The Bronx native is an undisputed pioneer in the game. Artists like DMC and MC Lyte have called her an influence. And she’s getting ready to celebrate the culture on its 50th anniversary at the 2023 Rock The Bells Festival at Forest Hills Stadium in Queens, NY, on August 5. The legendary lineup will bring together some of the most respected names in the game, including Big Daddy Kane, De La Soul, Cold Crush Brothers and Slick Rick. So we couldn’t wait to catch up with MC Sha-Rock to talk about the culture she helped create.
Sha-Rock has been a part of hip-hop culture from the beginning. As a teenager growing up in the crime-ridden New York City of the 70s, she says rhyming and breakdancing provided a safe, creative outlet.
“It started in the 1970s. We used to battle against Grandmaster Flash and the Furious Five,” she said. “I became a nomadic B-girl in 1976 and traveled around the Bronx to listen to the different breakbeats the DJs played.”

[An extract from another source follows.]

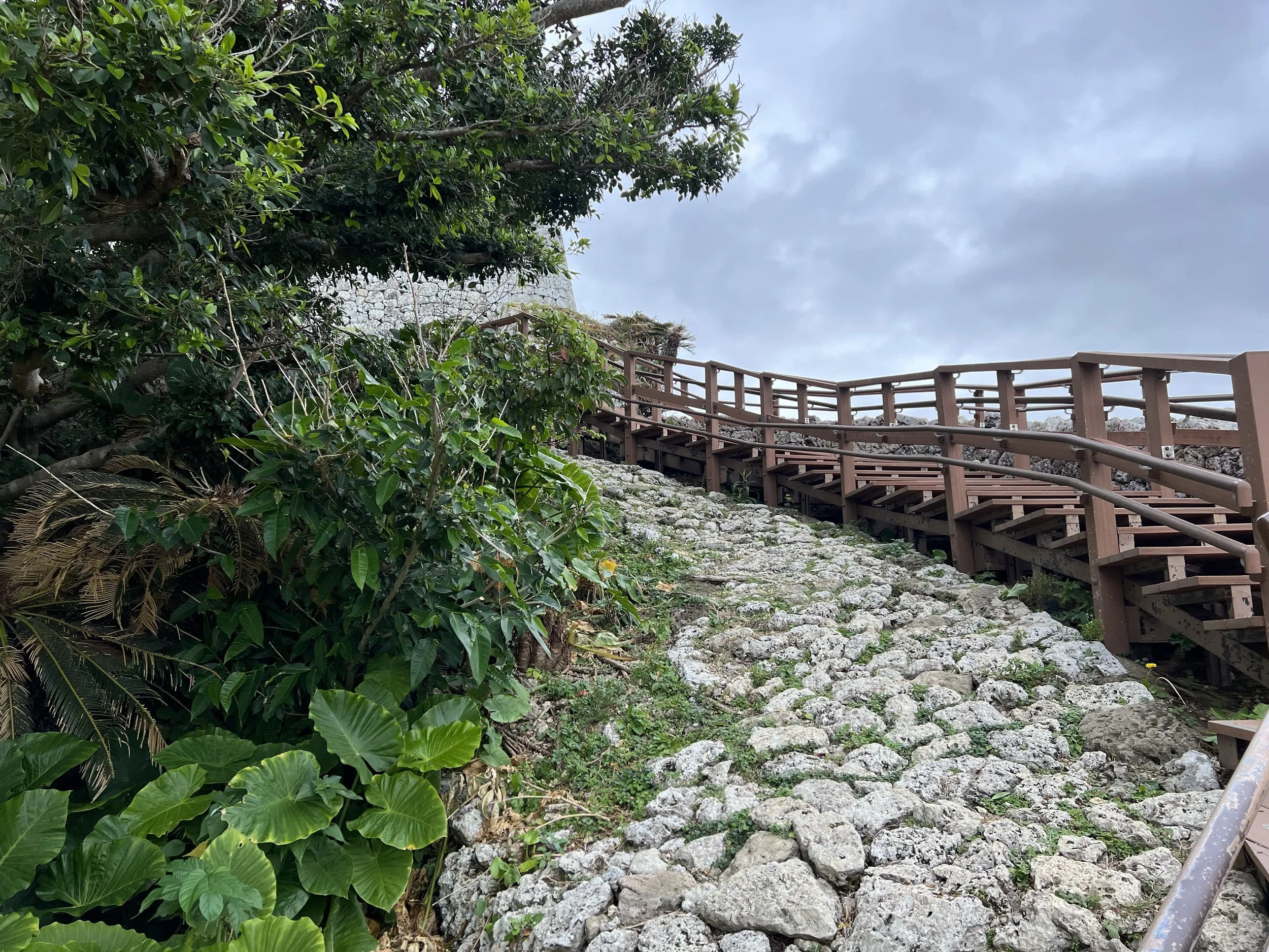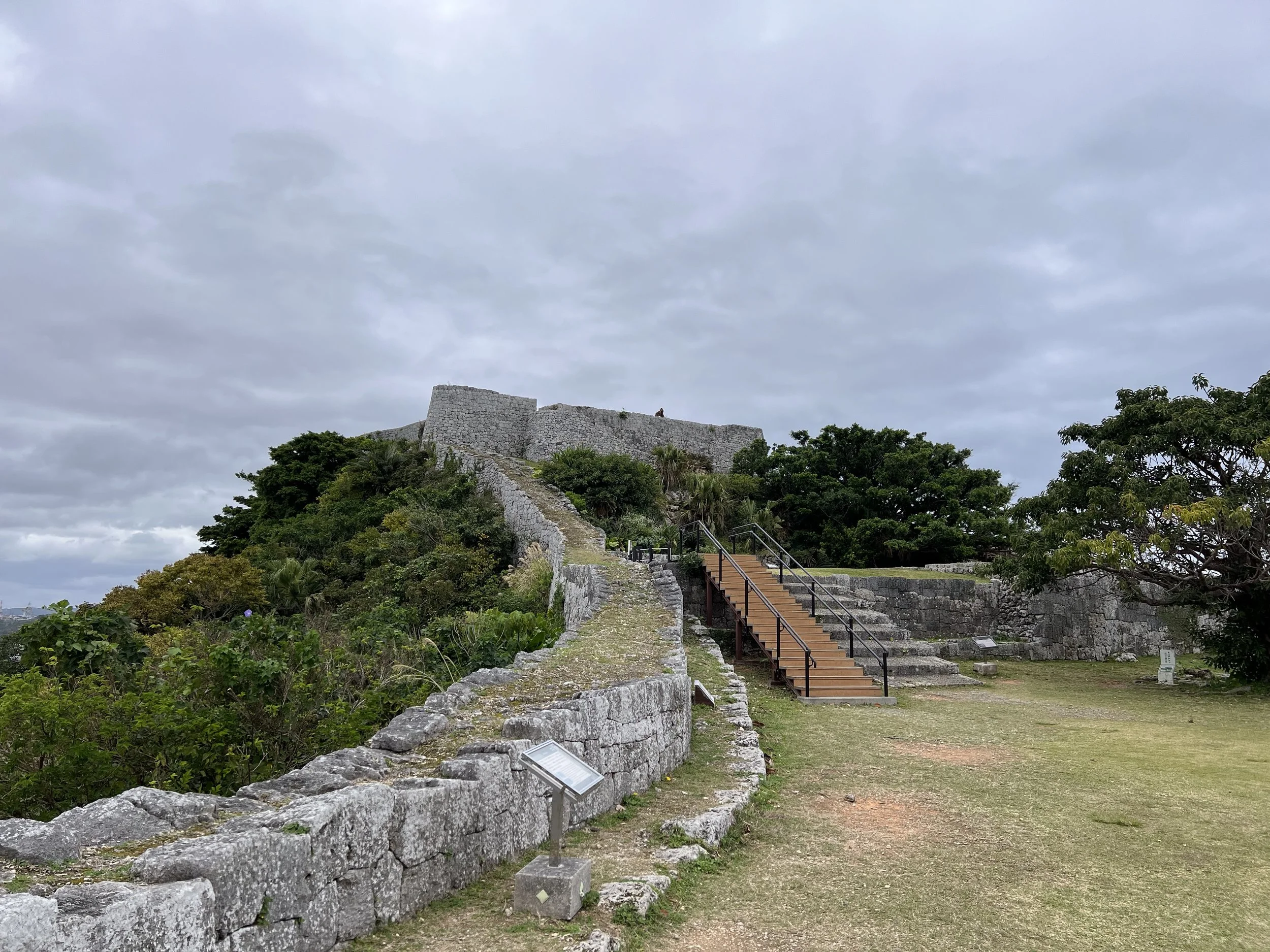 When I arrived at the parking lot across the street from the castle, tickets were purchased inside the Amawari Park museum. Admission to the museum is included with the castle ticket, but I decided to explore the ruins first. It’s only a short walk to the entrance, and although there is a gradual incline, staff operate golf cart-style vehicles to ferry visitors partway up the hill. I chose to walk — the slope didn’t feel too steep, and it gave me the chance to take in the full view of Katsuren Castle rising above the landscape.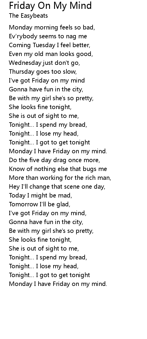 | I've got Friday on my mind, | |

Sha-Rock got her first record deal in 1979 and with the Funky 4 +1, she recorded tracks like “Rappin’ and Rocking the House” and “That’s the Joint.” Before long, the group’s popularity expanded beyond the Bronx as they toured with groups like Grandmaster Flash and Furious Five and The Sugarhill Gang. And in 1981, the Funky 4 +1 made history as the first rap group to perform on national television when Deborah Harry of Blondie invited them to perform “That’s the Joint” on Saturday Night Live.
Forty years after that performance, Sha-Rock says she is proud to be a part of creating a culture that has stood the test of time.
“We were teenagers with little to no resources. We were happy to get people to pay $2 to get into our parties and hear us rhyme. But we helped create a billion dollar business,” she said. “We didn’t have a blueprint or a college course to teach us how to do this. We were just doing something we loved.”
But looking to the future, Sha-Rock wants to make sure people continue to honor every aspect of hip-hop culture, including DJs, B-boys and girls and graffiti artists.
“MCing is just one of the elements of hip-hop culture. I celebrate them all, because you can’t have one without the other,” she said.
And she thanks LL Cool J for keeping hip-hop’s legacy alive with the festival and his Rock the Bells radio station.
“He is leading the way and ensuring that all of the elements of hip hop culture are being celebrated. I rock with him because he reached back to myself and Grandmaster Cas to have us on his station to talk about the history and the culture. I’m proud to be here today to see how hip-hop has evolved to where it is now.”